Set `:raise` in your test environment and a deprecated path fails the build the moment something hits it. That's the cheapest possible way to be ready before those paths disappear in 2.0, instead of finding out on upgrade day.

## Fixes and the Model Registry

A release this size carries a long tail of fixes. The ones worth calling out: Anthropic's "prompt is too long" now raises `ContextLengthExceededError` so you can rescue it like any other context-length error, streaming parallel tool calls accumulate correctly, Bedrock reasoning streams properly, and Gemini function calls and inline images follow the spec. Active Storage handling in Rails got more careful about pending uploads, load order, and text attachments. And when configuration or a model lookup goes wrong, the error now tells you what happened and how to fix it.
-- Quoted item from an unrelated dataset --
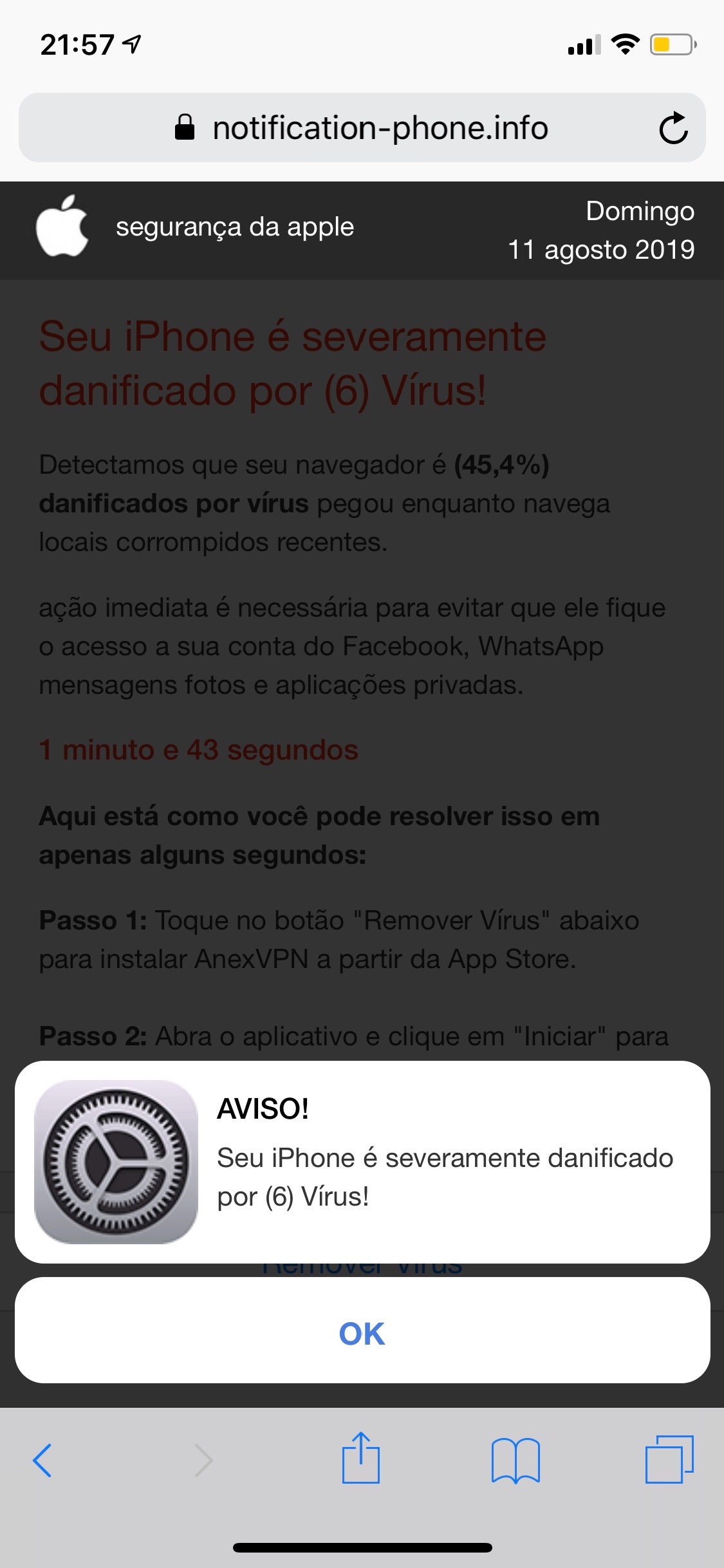 recebi ontem no meu telefone a mensagem de que meu telefone estaria com 45% de vírus e me mandava para um link. Não abri, mas mostrei para o meu marido e ele entrou no link, só que não tinha nada. O iPhone manda esse tipo de msg?

The model registry is refreshed with the latest models, capabilities, and pricing. One fix there is worth a sentence: models.dev started shipping partial release dates like `2025-09` and `2025`, RubyLLM was turning those into invalid timestamps, and model loading broke. 1.16 normalizes them to real dates so the registry keeps loading.

The [full release notes](https://github.com/crmne/ruby_llm/releases/tag/1.16.0) have the complete list.

## Use It

```ruby
gem 'ruby_llm', '~> 1.16'
```

```bash
bundle update ruby_llm
```

It's backwards compatible. Concurrency is opt-in, instrumentation stays inert until you subscribe, and every new `*_api_base` falls back to the provider default. Nothing you've built changes until you decide to reach for it. The boring infrastructure is just there now, waiting for the day your app stops being a demo and starts being production.